Spring does the rest of the work automatically, via XML bean definition entries like this. LocalStatelessSessionProxyFactoryBean is a generic factory bean that can be used for any EJB. The object it creates can be cast by Spring to the MyComponent type automatically.
<bean id="myComponent"
class="org.springframework.ejb.access.LocalStatelessSessionProxyFactoryBean">
      <property name="jndiName" value="myComponent" />
      <property name="businessInterface" value="com.mycom.MyComponent" />
</bean>

<bean id="myController" class = "com.mycom.myController">
       <property name="myComponent" ref="myComponent"/> </bean>                                                                                                                    
There's a lot of magic happening behind the scenes, courtesy of the Spring AOP framework, although you aren't forced to work with AOP concepts to enjoy the results. The "myComponent" bean definition creates a proxy for the EJB, which implements the business method interface. The EJB local home is cached on startup, so there's normally only a single JNDI lookup. (There is also support for retry on failure, so an EJB redeployment won't cause the client to fail.) Each time the EJB is invoked, the proxy invokes the create() method on the local EJB and invokes the corresponding business method on the EJB.

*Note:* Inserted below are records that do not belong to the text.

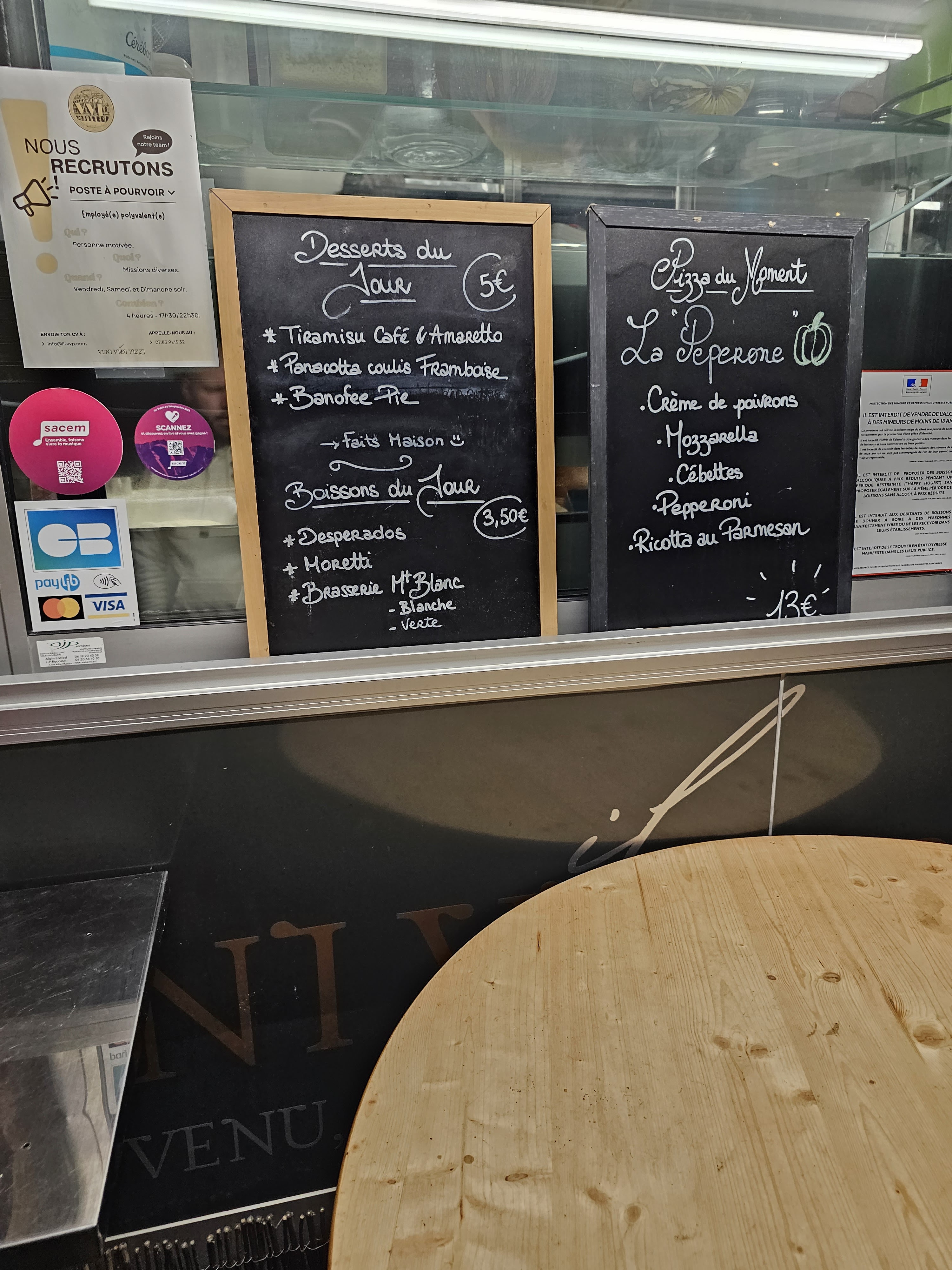 Si vous souhaitez manger de très bonnes pizzas, ainsi que d'autres plats, je vous conseille de tenter l'expérience Veni Vidi Pizzi. Nous reviendrons sans hésiter, car les pizzas sont parmi les meilleures que nous ayons goûtées à Groisy et dans les environs. J'espère que cette jeune équipe motivée et sympathique maintiendra la qualité des produits. Bon appétit !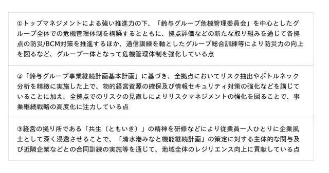 鈴与株式会社(本社:静岡市、代表取締役社長:鈴木 健一郎)は、株式会社日本政策投資銀行(本社:東京都千代田区、代表取締役社長:地下 誠二、以下「DBJ」)が実施する「DBJ BCM格付」融資※制度において、「防災及び事業継続への取り組みが特に優れている」という最高ランクの評価を取得しました。当社の「DBJ BCM格付」最高ランク取得は、6回連続となります。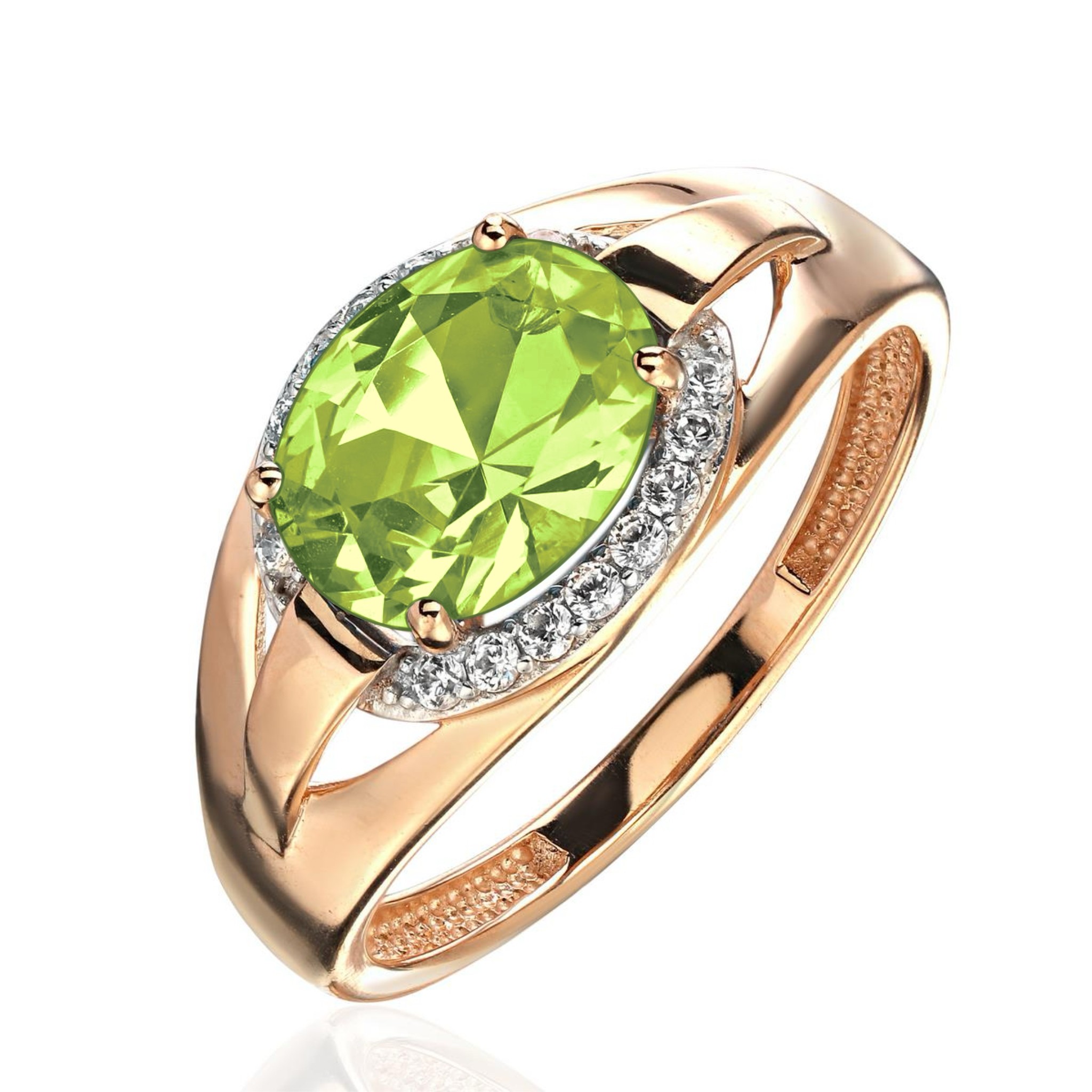 Кольцо с фианитом и хризолитом из красного золота 585 пробы можно купить в нашем интернет-магазине с доставкой по Москве, а также транспортными компаниями по всем городам России.

The myController bean definition sets the myController property of the controller class to this proxy.
This EJB access mechanism delivers huge simplification of application code:
  • The web tier code has no dependence on the use of EJB. If we want to replace this EJB reference with a POJO or a mock object or other test stub, we could simply change the myComponent bean definition without changing a line of Java code
  • We haven't had to write a single line of JNDI lookup or other EJB plumbing code as part of our application.
We can also apply the same approach to remote EJBs, via the similar org.springframework.ejb.access.SimpleRemoteStatelessSessionProxyFactoryBean factory bean. However, it's trickier to conceal the RemoteExceptions on the business methods interface of a remote EJB. (Spring does let you do this, if you wish to provide a client-side service interface that matches the EJB remote interface but without the "throws RemoteException" clause in the method signatures.)